An August poll of 600 registered West Virginia voters commissioned by the nonprofit Americans for Tax Fairness found support for Biden’s budget plan rose from 48% to as high as 70% when respondents were given the option of raising taxes on the wealthiest Americans and corporations and closing tax loopholes the wealthy have exploited to avoid paying taxes.
A survey that drew from 400 interviews in West Virginia and three other states each last month found two thirds or more of West Virginia respondents had favorable responses to many goals of the budget proposal, including stronger labor protections, modernizing factories and schools and prioritizing investments to energy workers affected by the nation’s transition to clean energy.
“If the senator keeps up his act, West Virginia stands to lose out on millions of dollars of federal investments to create good, well-paying clean energy jobs for the future,” Galt said.
But West Virginia poll respondents were split on support for the budget package and showed significantly less support for its clean energy priorities than the three other states where voters were surveyed: Arizona, Colorado and Virginia.
Conducted by Washington, D.C.-based public opinion research firm Hart Research, the survey found just 40% of West Virginian respondents saw revitalizing manufacturing to meet demand for clean manufacturing and clean energy technology as a very important reason to pass the package.
Only 36% of West Virginian respondents saw achieving a clean energy economy that cuts pollution, including pollution causing climate change, as a very important reason to approve the package.
Support for those priorities was much lower than in Arizona, Colorado and Virginia — mostly by double digits.
Just 48% of West Virginia respondents were favorable to increasing clean and renewable energy sources and achieving 80% clean electricity by 2030. At least 60% of respondents in each of the other three states surveyed were favorable to the same measure.

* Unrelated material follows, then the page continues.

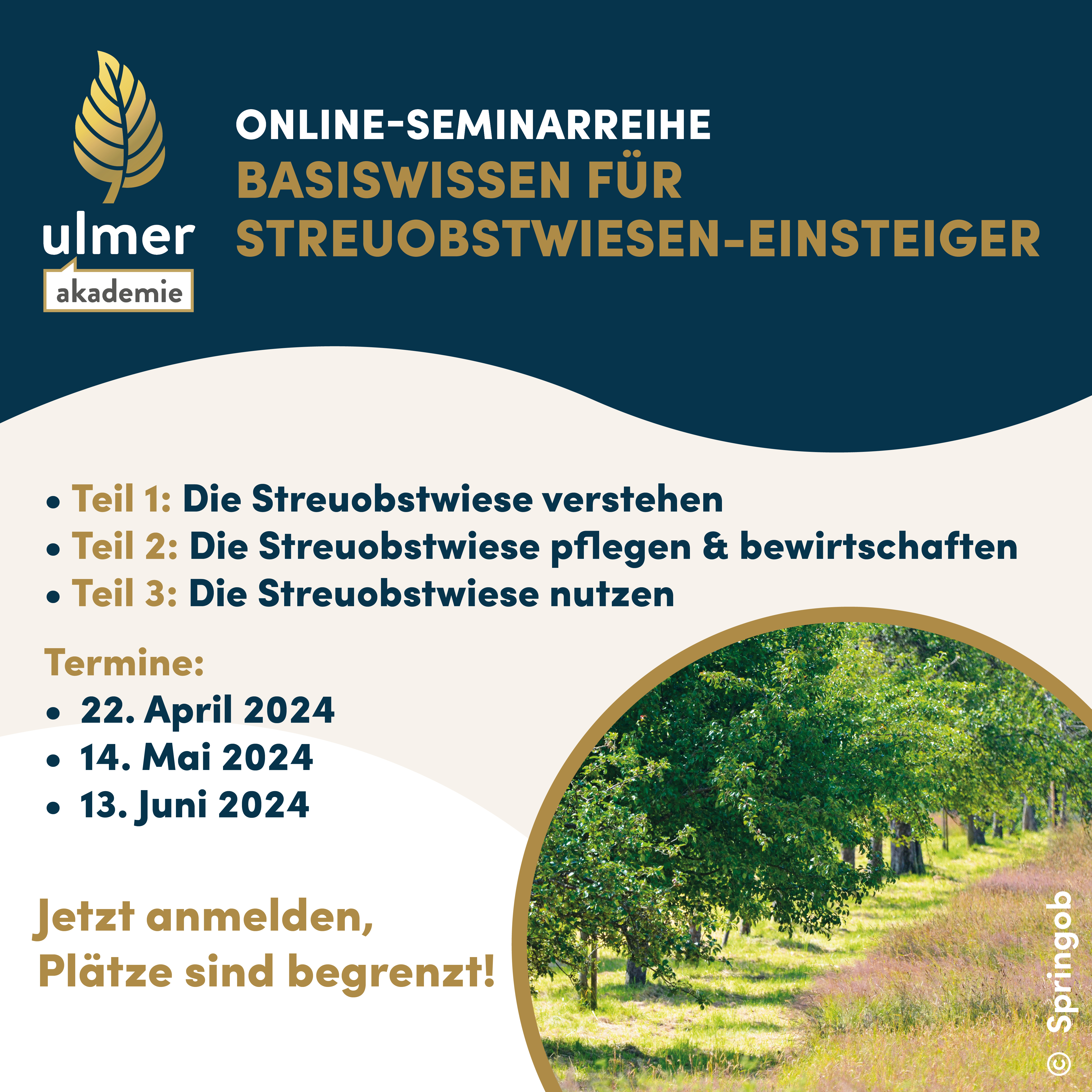 In der Online-Seminarreihe „Basiswissen für Streuobstwiesen-Einsteiger“ finden Interessierte alle Infos, um erfolgreich mit der eigenen Streuobstwiese durchzustarten. Aber auch für gestandene Streuobst-Fachfrauen und -männer hält die Online-Seminare hilfreiche Tipps und Austauschmöglichkeiten bereit.
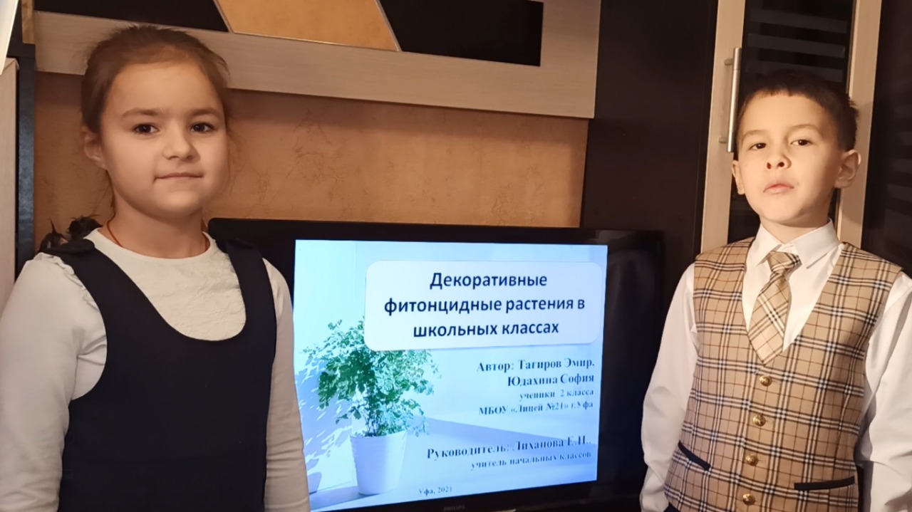 1 место в секции естественных наук: Юдахина София, Тагиров Эмир, 2Б класс. Тема: «Декоративные фитонцидные растения», учитель Лиханова Елена Николаевна.

It’s been less than a year since West Virginians awarded second terms by two-to-one margins to Gov. Jim Justice, a coal magnate with a long history of environmental and workplace safety violations at his mines, and Sen. Shelley Moore Capito, R-W.Va. The junior senator has joined Manchin in decrying a “War on Coal” as market forces push renewable energy consumption past coal. She has joined fellow Republicans in opposing the bill.
The number of coal employees statewide plummeted by half from 1990 to 2019, and coal production declined 30% from 1970 to 2019, according to West Virginia Office of Miners’ Health, Safety and Training data.
Manchin has kept profiting from coal, but southern coalfield counties such as Boone and Logan have seen funding from coal severance taxes dwindle. Boone eliminated landfill transfer stations for free garbage drop-offs and stopped supporting privately run parks and recreation initiatives. Logan reduced support for community organizations.
But defending coal is still a winning hand in West Virginia. Manchin benefits both politically and financially when he plays it.
“From a political perspective, I totally understand why he’s doing what he’s doing,” Kone said. “It’s a damn shame.”